I agree. I proposed something related lot of time ago, see (the original title of this ER was "Safer stdin.byLine()"):
http://d.puremagic.com/issues/show_bug.cgi?id=4474

Bye,
bearophile
February 02, 2014
On 2/1/14, 3:07 PM, Andrej Mitrovic wrote:
> In reference to this thread:
> http://forum.dlang.org/thread/ouyuujnzzvfkvxbfzyak@forum.dlang.org#post-ouyuujnzzvfkvxbfzyak:40forum.dlang.org
>
>
> Personally I think it was a mistake providing unsafe APIs by default. If
> I would have had it my way, I would introduce:
>
> byLine -> safe, doesn't reuse a buffer
> byLineBuffer -> reuses a buffer

No. Too much breakage.

Andrei

February 02, 2014
On Sunday, 2 February 2014 at 01:03:25 UTC, Andrei Alexandrescu wrote:
> On 2/1/14, 3:07 PM, Andrej Mitrovic wrote:
>> In reference to this thread:
>> http://forum.dlang.org/thread/ouyuujnzzvfkvxbfzyak@forum.dlang.org#post-ouyuujnzzvfkvxbfzyak:40forum.dlang.org
>>
>>
>> Personally I think it was a mistake providing unsafe APIs by default. If
>> I would have had it my way, I would introduce:
>>
>> byLine -> safe, doesn't reuse a buffer
>> byLineBuffer -> reuses a buffer
>
> No. Too much breakage.
>
> Andrei


From the docs it appears as array() will handle the required copying.

std.array.array doc:
---
Returns a newly-allocated dynamic array consisting of a copy of the input range, static array, dynamic array, or class or struct with an opApply function r. Note that narrow strings are handled as a special case in an overload.
---

std.stdio.byLine doc:
---
Returns an input range set up to read from the file handle one line at a time.

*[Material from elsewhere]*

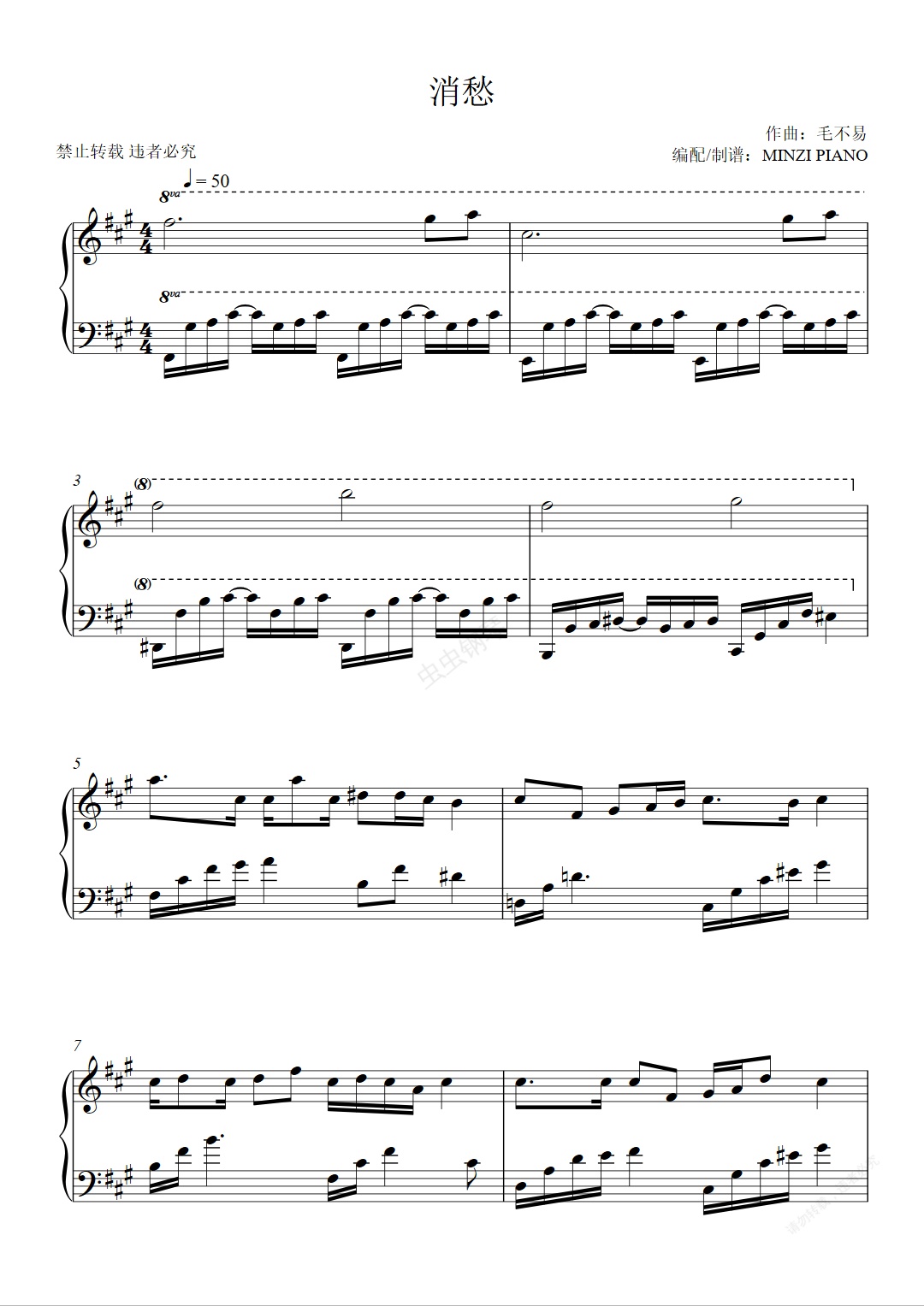 钢琴谱:毛不易《消愁》A调 好听易弹

The element type for the range will be Char[]. Range primitives may throw StdioException on I/O error.

Note:
Each front will not persist after popFront is called, so the caller must copy its contents (e.g. by calling to!string) if retention is needed.
---
February 02, 2014
On Sunday, 2 February 2014 at 01:03:25 UTC, Andrei Alexandrescu wrote:
> On 2/1/14, 3:07 PM, Andrej Mitrovic wrote:
>> In reference to this thread:
>> http://forum.dlang.org/thread/ouyuujnzzvfkvxbfzyak@forum.dlang.org#post-ouyuujnzzvfkvxbfzyak:40forum.dlang.org
>>
>>
>> Personally I think it was a mistake providing unsafe APIs by default. If
>> I would have had it my way, I would introduce:
>>
>> byLine -> safe, doesn't reuse a buffer
>> byLineBuffer -> reuses a buffer
>
> No. Too much breakage.
>
> Andrei

Agreed.

I wonder if the problem can be fixed another way:

1. Introduce a new function ("File.lines" perhaps) which is like byLine, but safe, and has an option to re-use a buffer (but isn't default).
2. After a while, remove documentation for byLine, but leave it in Phobos.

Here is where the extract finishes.